Niyetli filmlerden. Din tekelciliğini baştan reddeden görüşün, varmak istediği noktaya yine dini kullanarak gittiği hikayelerden biri. Ama konusu, hızla pozitif ayrımcılık sınırları arasına yaklaşan eşcinsellik olunca, filme höt zöt diyemiyorsunuz kolaylıkla.

Gerçek hayattan uyarlama bir Tv filmi olduğundan beklentiler düşük olmalı. Sigourney Weaver dışındaki oyuncuların performansına nedense ısınamadım. Müziklerin geçişlerinde hep bir aksaklık vardı.

Bu teknik konuların yanında, oldukça duygusal bir film. İzleyip de etkilenmeyecek insan azdır sanıyorum.

Prayers for Bobby (2009); 6 / 10



Filmle herhangi bir mazimiz yok. Ondan mıdır bilmiyorum, üzerine fazla bir şey söylenmesi gereken bir yapım gibi gelmedi.

Devamlı, zamanın ötesinde bir film, yorumları duymuşumdur Grease için. Lakin tek özelliği bu ise, o zamanlar önemli olabilir ama şuan için pek de önemi yok sanıyorum. Dönem gençliğini yansıtması çok başarılı, müzikleri güzel, danslar başarılı. O kadar...

John Travolta'nun izlediğim en genç hali sanıyorum. İyi ki gençlik filmleriyle tanımamışım diyelim şimdilik :)

Grease (1978); 5 / 10

3 yorum:

  1. Daha şimdiden kaç film eklettin listeye haberin var mı senin :)

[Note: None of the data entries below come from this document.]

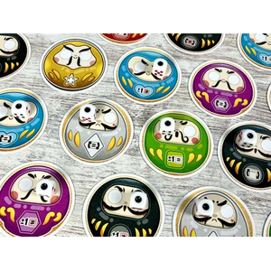 In the game, the players take turns throwing 8 dice. And they should use '1' to fill the eyes of the darumas that are available over the game board. When a player fills an eye of a Daruma, execute the power of this card, giving the possibility to perform crazy combos for obtaining more darumas. If a player fills the second eye, the player receives the card to score at the end of the game.
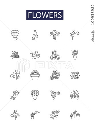 Flowers line vector icons and signs. Petals, Roses, Daisies, Thistles, Flora, Tulips, Stems, Foliage outline vector illustration set
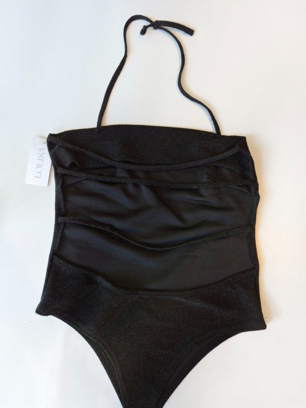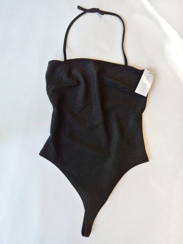 Body entero con escote recto y espalda descubierta con lazos finos.
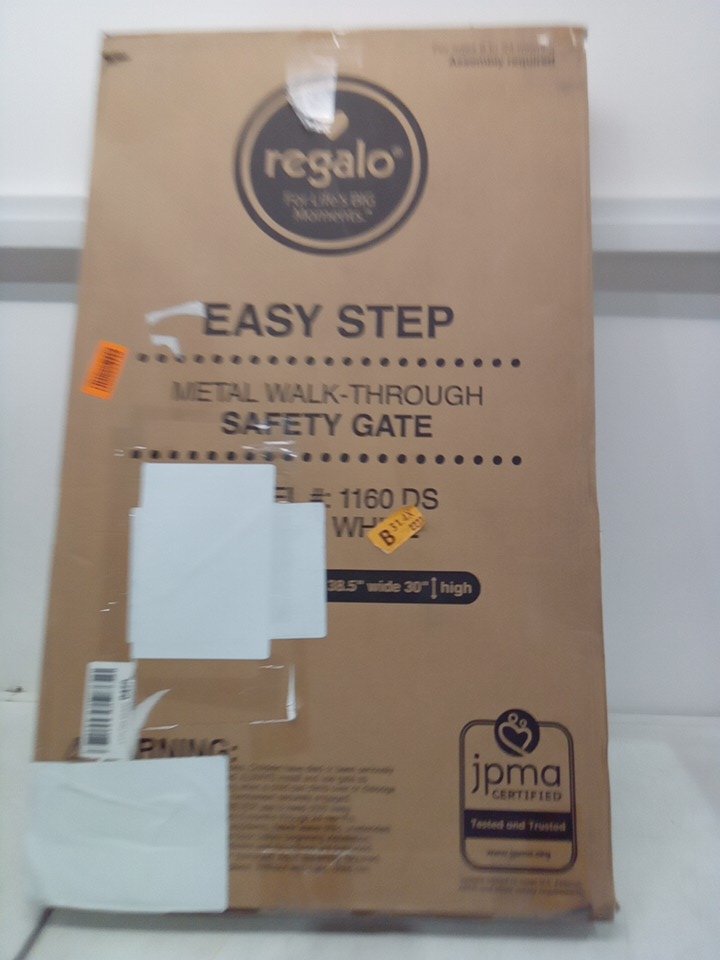 REGALO EASY-STEP METAL WALK-THROUGH SAFETY GATE - 30" x 29'' to 38.5'' - WHITE (MODEL: 1160DS)
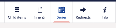 Här syns de eventuella existerande serierna som redan finns, och det finns möjlighet att lägga upp en ny serie genom att klicka på knappen "Ny serie". Vill man editera en befintlig serie klickar man på pilen till höger och väljer sedan "Redigera alla". Det går även att redigera en specifik händelse genom att klicka på den.
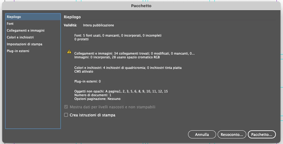 Le immagini risultano tutte correttamente collegate, l'unica segnalazione di avviso che trovo è la seguente, sembra quindi esserci una mancanza di collegamento del profilo colore delle mie immagini inserite:
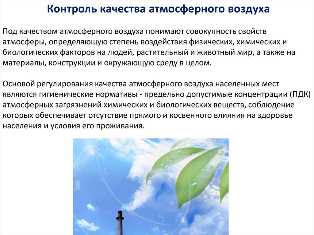 Под качеством атмосферного воздуха понимают совокупность свойстватмосферы, определяющую степень воздействия физических, химических и
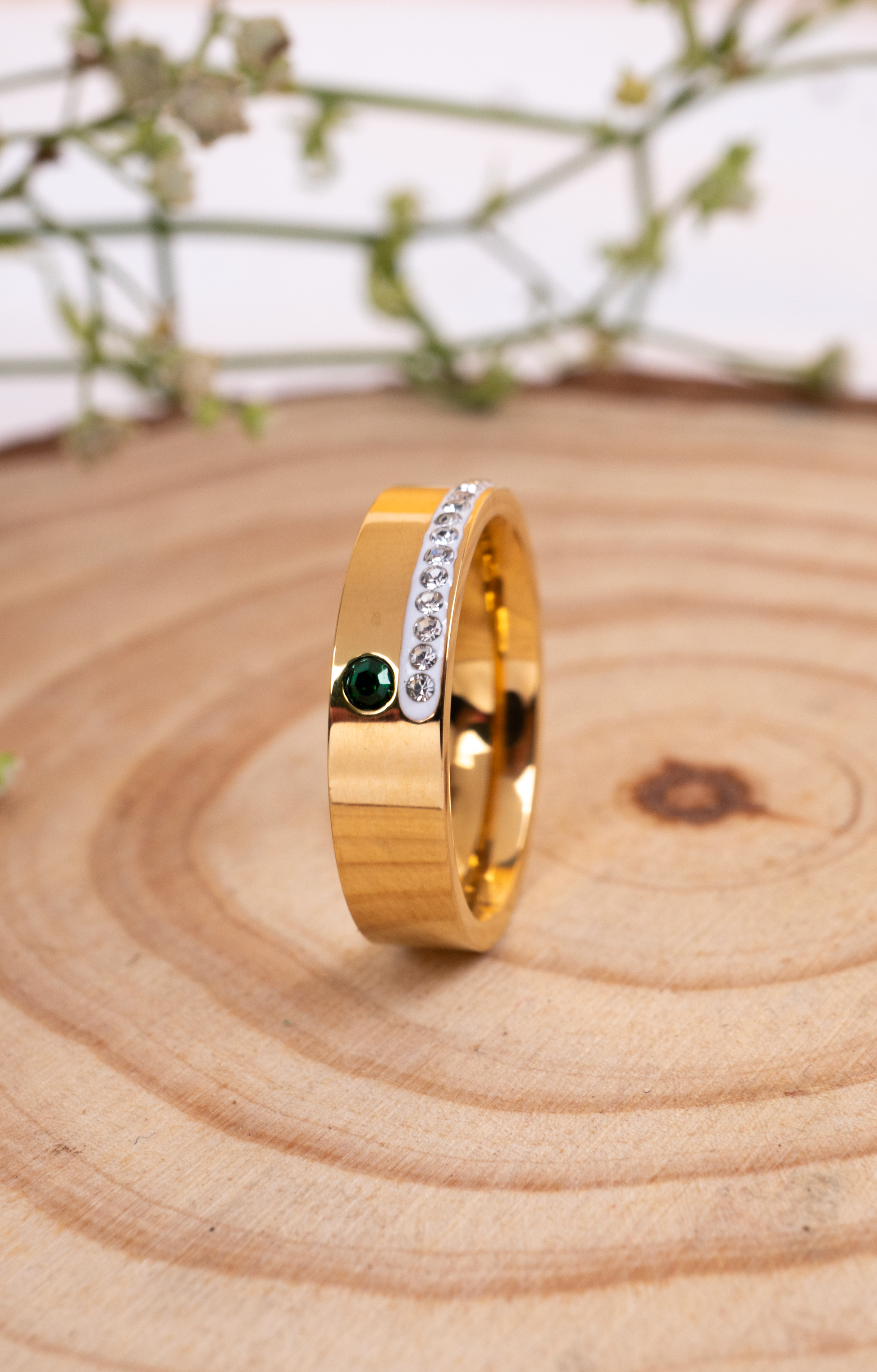The Lina Ring blends classic sophistication with a contemporary twist. Crafted from premium stainless steel and plated in radiant 18K gold, it features a sleek band accented by a row of sparkling cubic zirconia and a single striking green gemstone for a pop of color.
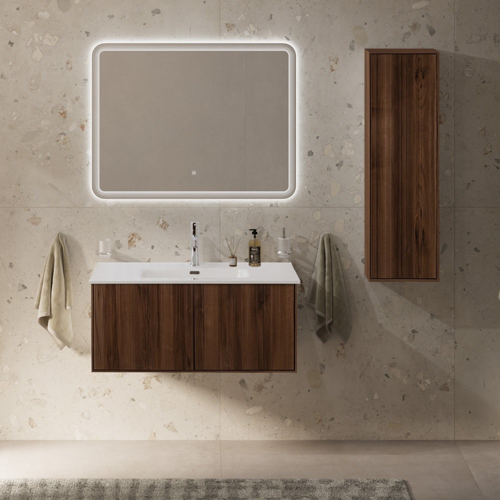 Тумба с раковиной подвесная с выдвижными ящиками CEZARES PORTOFINO 100 Noce, раковина белая 50200
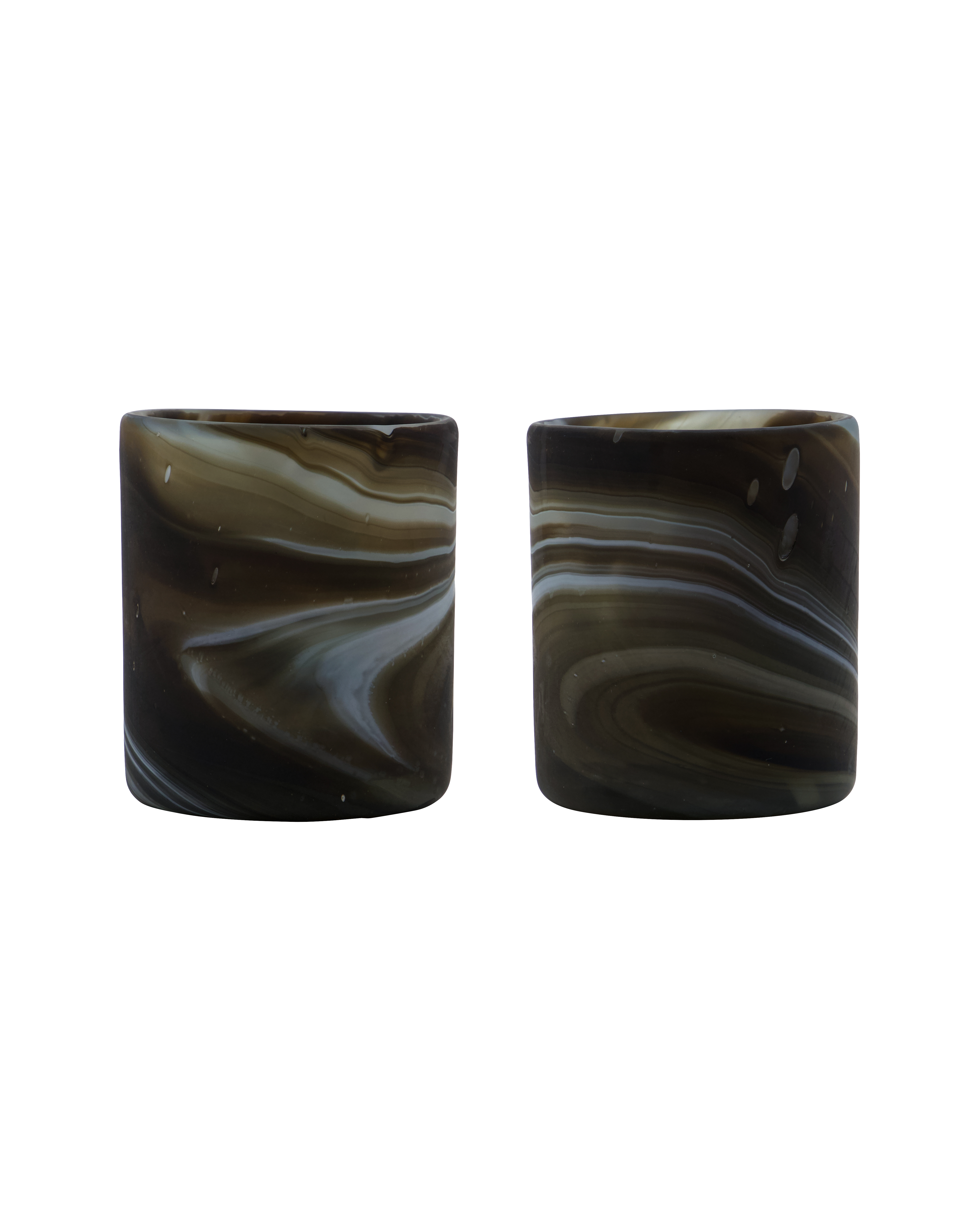 Skab stemning med dette sæt med to fyrfadsstager i mundblæst, brunt glas. Det marmorerede mønster kaster et varmt, levende lys og giver både elegance og liv til stue, spiseplads eller badeværelse.- Sæt med 2 stk.- Mundblæst glas.- Marmoreret brunt mønster
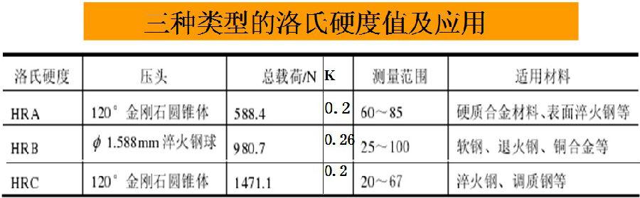 根據(jù)壓頭和載荷的大小,洛氏硬度分為HRC、HRB 、 HRA三種類型 (見下表)。
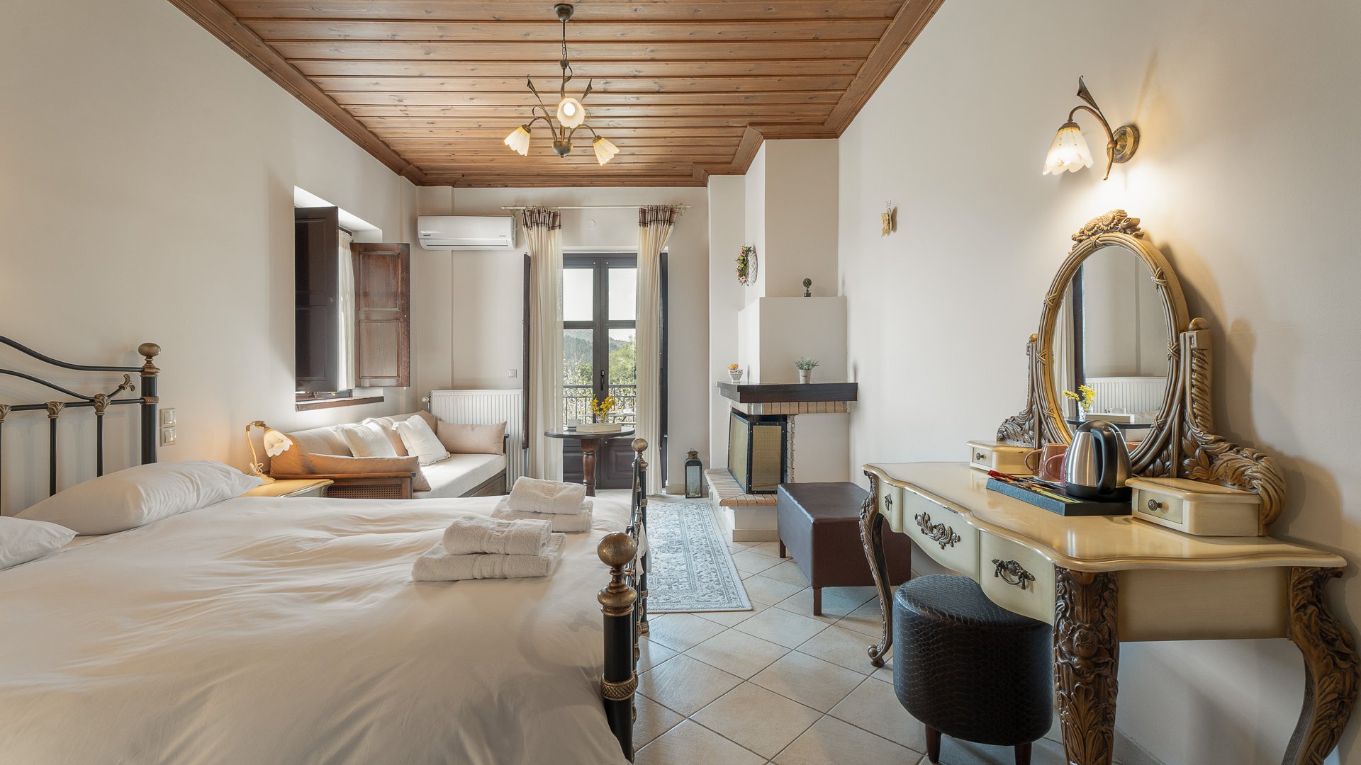 Επιπλέον, διαθέτει έναν υπέροχο χώρο που απολαμβάνετε πλούσιο παραδοσιακό πρωινό και έξτρα σάλα με τζάκι, όπου μπορείτε να καθίσετε για καφεδάκι ή ποτάκι.
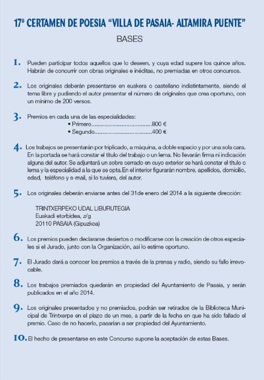 17º Certamen de poesía "Villa de Pasaia-Altamira Puente"BASES
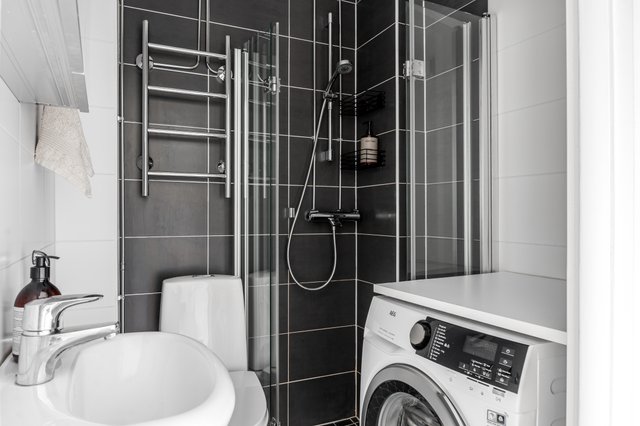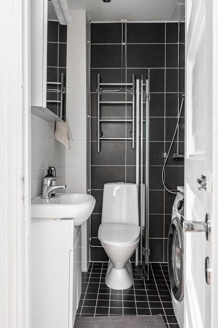 Kylpyhuone on nykyaikainen ja kompakti, ja sinne mahtuu hyvin myös pyykinpesukone. Tummat ja vaaleat laattapinnat luovat modernin ja selkeän ilmeen.
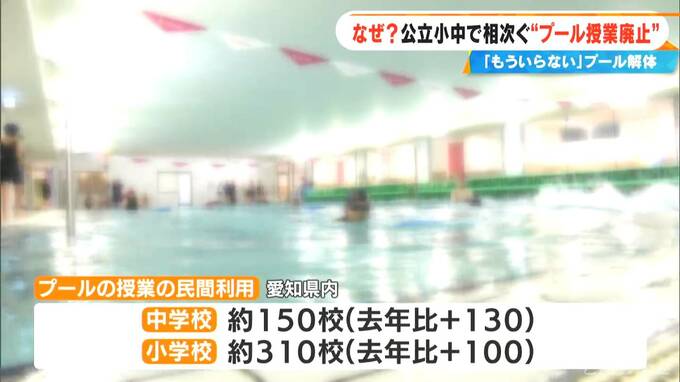 愛知県と名古屋市によりますと、ことしプールの授業に民間を利用する公立中学校は、去年より130校増えて約150校に。公立小学校では100校増えて約310校になる見込みです。学校から水しぶきの音が完全に消える日が近いのかもしれません。
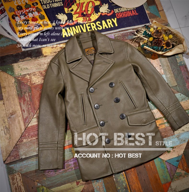 1.7mm厚のカウハイド(牛革)を使用した海軍ピーコートは、クラシックなミリタリーデザインと優れた耐久性を兼ね備えた一着です。
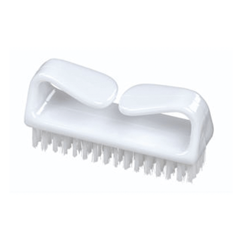 Nagelborstel met plastic handvat en harde nylon borstel.
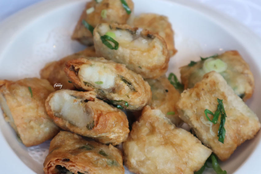 將切塊黃魚肉稍微醃過去腥,用腐皮包起再油炸,上桌時十分地乾爽。
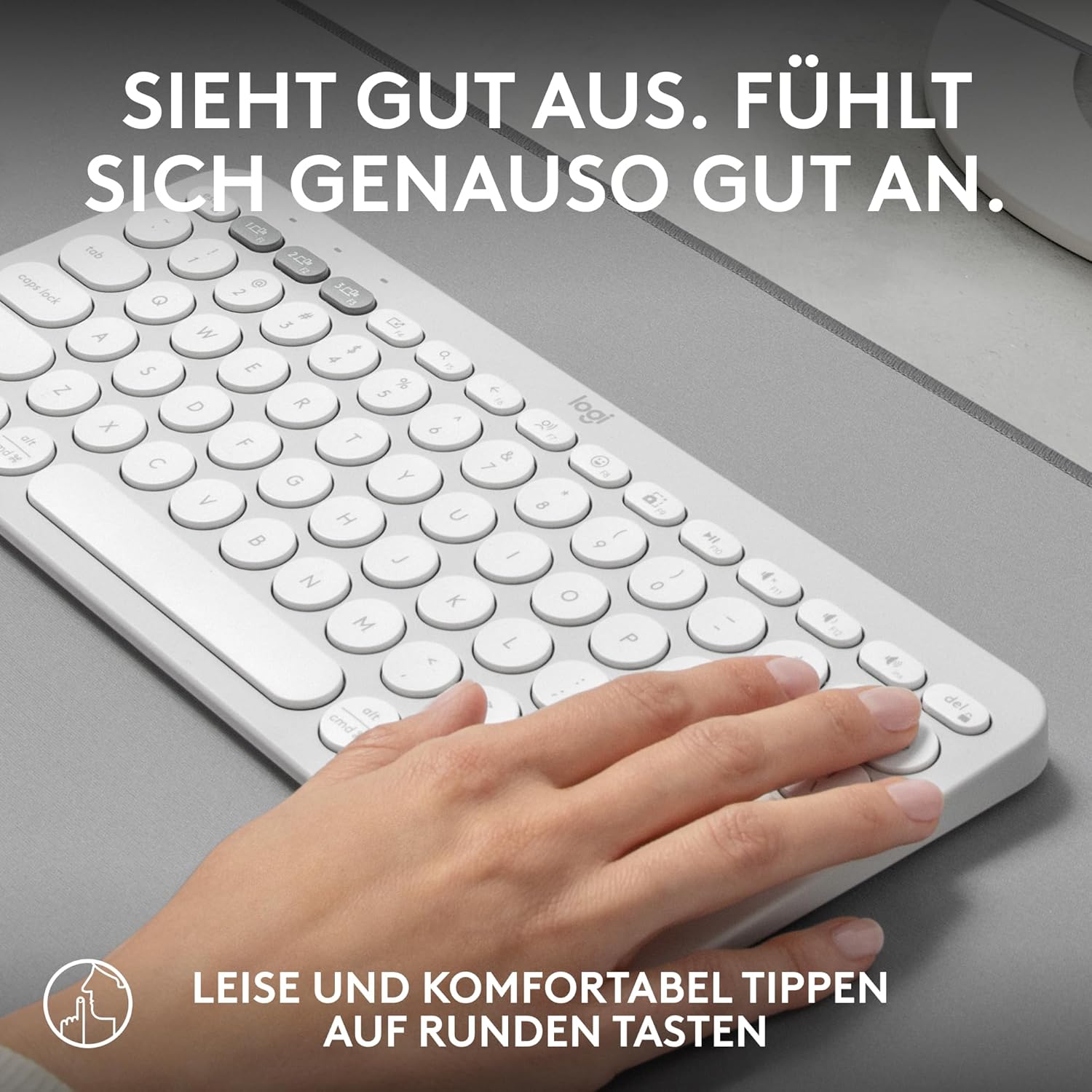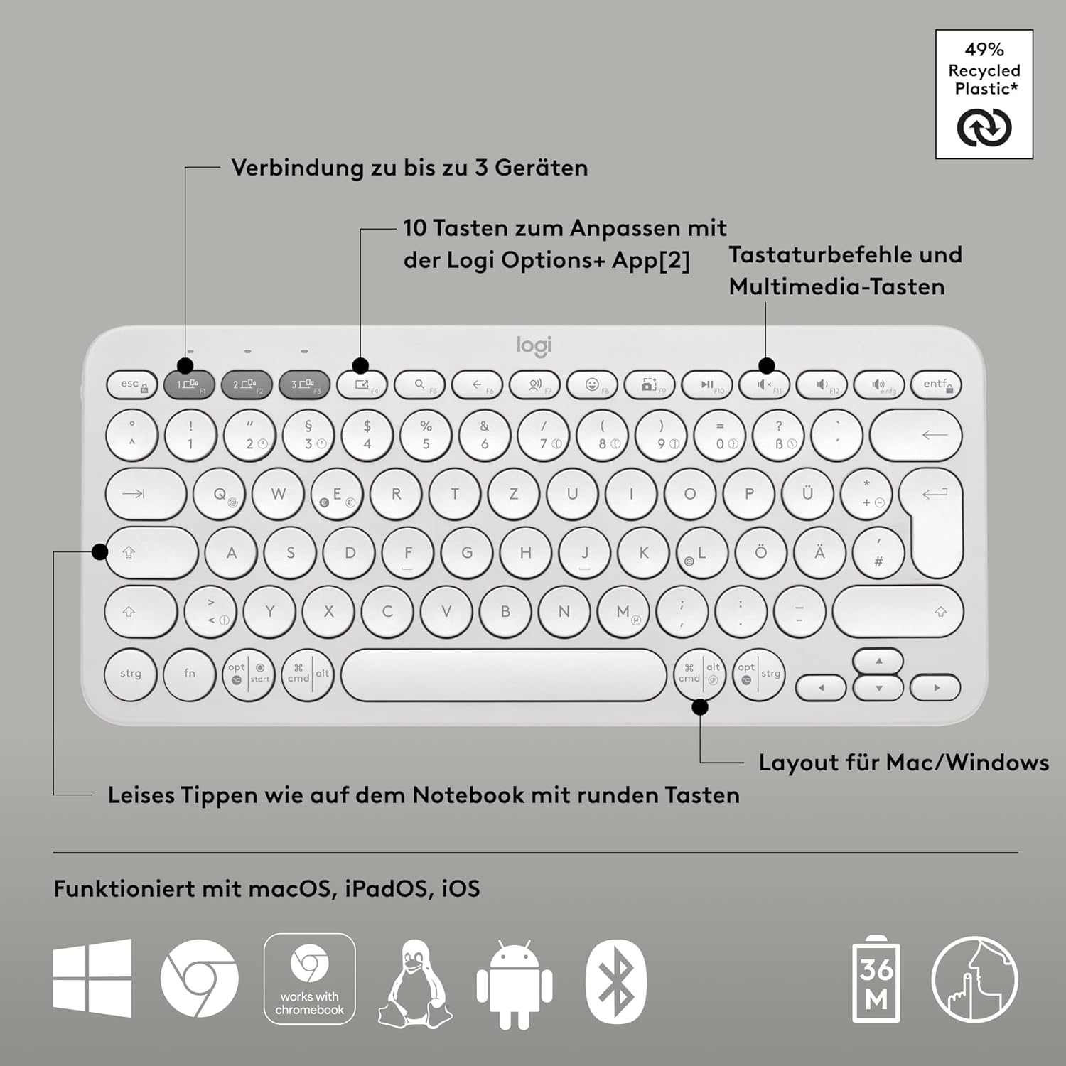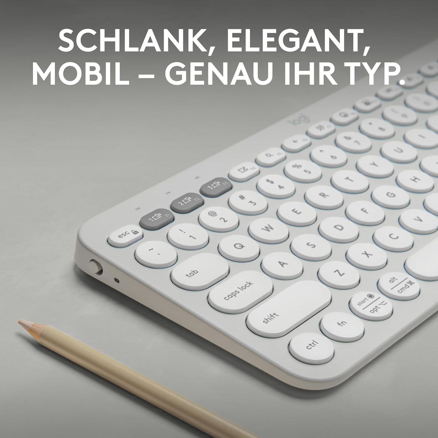 Logitech Pebble Keys 2 K380s, Безжична Bluetooth клавиатура за множество устройства с персонализируеми специални клавиши, Тънка и мобилна, Лесно превключване - Windows, macOS, iPadOS, Android, ChromeOS, Немска QWERTZ клавиатура, Бяла

    Başlıklar süper olmuş bu arada. Lütfen devam et ;)

    YanıtlaSil
  2. Çok aydınlatıcı bi çalışma olmuş. Eline emeğine sağlık. Puanlara bakıyorum da festival gibi geçmiş bu ay Senin için:) 7 8 alıp da, aralarında illa ki yazıyı hakkeden vardır gibime geliyor:P

    YanıtlaSil
  3. Güzel fikirmiş. Ne izliyecem derdi azalır :)

    YanıtlaSil

Yorumunuz blog sahibinin onayından sonra yayınlanacaktır.

Related Posts Plugin for WordPress, Blogger...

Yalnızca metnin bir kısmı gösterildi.